A contest entry for: Nobody's Gay by T.H. 

This poem's title is taken from a Grinnell College Latin American Studies research paper written by Eliot Spencer in 2005, a Senior Paper requirement for certification in Latin American Studies.
It tickles me that people want to see the picture under the tree.  I am a poet, or trying. It does exist, but without Alex.  I'm staring at one of the huge tree roots, Fred is staring at me, and Ramak is glaring at the woman taking the picture -- who was in (very unrequited) love with her. Alejandro would never, ever play the game and was, at this period, I believe, having mooched all of us to death, mooching his way around South America, Spain, and Portugal.  Ramak telegraphed so well that even her willingness to play was pointless, plus she was always the same to all she met that... well, Romy was just above it all.  
So it was just me and Fred, really.  That's what I get for writing narrative stuff, I suppose, and making it plausible.
All I know is that the plausible picture of the four of us, the game, itself, driven by "welcoming" Christians and their curiosity, was all about wanting to be loved, wanting to love, and desperately needing to be able to relax into the truth and just chow down on free fried food.  We simply found a way to so structure our discomfort that we could pretend the strictures of hate, prejudice, and damnation did not exist.

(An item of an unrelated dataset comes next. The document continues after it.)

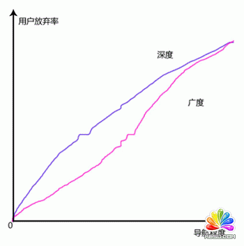 對于那些信息量很大很雜的網(wǎng)站來說,單純的使用某一種按類分組的方案已經(jīng)不太適用了。一般來說,廣度比深度的效果更好。在深結(jié)構(gòu)的各級別間選擇,比起在廣導航的各選項間掃視,要付出更多精力。眼睛比起鼠標點擊(和頁面載入)要快得多。雖然用戶在深結(jié)構(gòu)更容易迷失方向,甚至可能迷路,但也不要在廣度上走得太遠。任何時候都把所有鏈接展示出來會嚇倒用戶,讓他難以選擇。用戶會點擊看起來適合他們需要的第一個選項,或者干脆放棄,下圖清晰的闡述了用戶放棄率和深廣度之間的關系: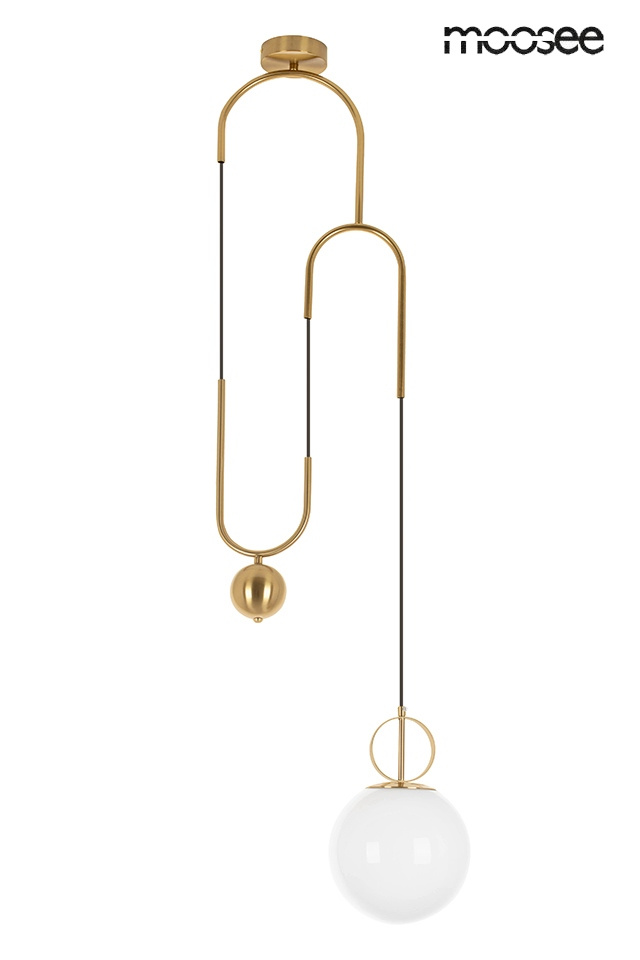 - MOOSEE lampa wisząca LIFT złota. Propozycja elegancka i klasyczna, a zarazem nieco ekstrawagancka, dzięki dekoracyjnym elementom przypominającym obciążniki. Została wykonana z metalu w złotym kolorze oraz mlecznego szkła, tak by zapewnić wysoką trwałość i

Really, I should call these posts "performance art," though to call this "art" is an aggrandizement. It is such an accurate representation of the flightiness of my poor brain...

So... before that terrible poetic interlude, I was telling you about Fred's Christianity.  It emerges most often when he's hurt by some change among his friends at the existentialist congregation -- he clothes his concern and pain in feisty battle readiness, in condemning their condemnation of organized religions, especially Christianity.  

Basically, the congregation, about 30 years old now, has historically been made up of people marginalized by organized religious groups, sometimes in childhood, sometimes in young adulthood and on occasions such as coming out as gay, lesbian, or transgender.  Their faith, they say, went the way of their trust and love of the institutions that had sworn them an allegiance of support, guidance, and acceptance.  Not always, but often, the end result is a stunted thought process and a continual aggravation of wounds that never healed.

Fred says it was not always like this, not always this bitter, repulsed response to notions large and small, from stringent anti-Christian stances to degradation of men, because men are behind every bad thing that has ever occurred in human history.  Yes, the anti-male hysteria is real, and yes, I do characterize it as a "small" notion.  The men in the group are among the most liberally compassionate, pacifist, and open-minded guys you'll ever meet -- and the militant existentialist lesbian feminists all know it.  They'll even admit it in the span of a lightening strike.

Fred wields Christianity as a bat to hit the high-powered, stinging pitches that are hurled toward his strike zone, by which I mean that he is hurt and using ideology to fight back.

Hmm.  Do you hear bells ringing?

There used to be a solid core of existential philosophy study going on there, and, odd as it may sound, that study was full of fun.  Gatherings were fun, even if sometimes necessarily "deep." Now?  Existentialism is being not-so-gently shoved off the altar, left undiscussed, considered arcane -- and most members couldn't provide the sketchiest sketch of its history, meaning, or significance.

The happiness of the place (it is, after all, where I met Fred) hinged on fun, on a miraculous conjunction of existential ideas and theories for action with the lives that congregated around them.

Fred now often leaves for the 11 am service at 11:25 am.  He also sometimes goes early for a meeting or out of excitement for a scheduled speaker and ends up home at 11:15 am.  He comes home pale and sweaty, sad and angry.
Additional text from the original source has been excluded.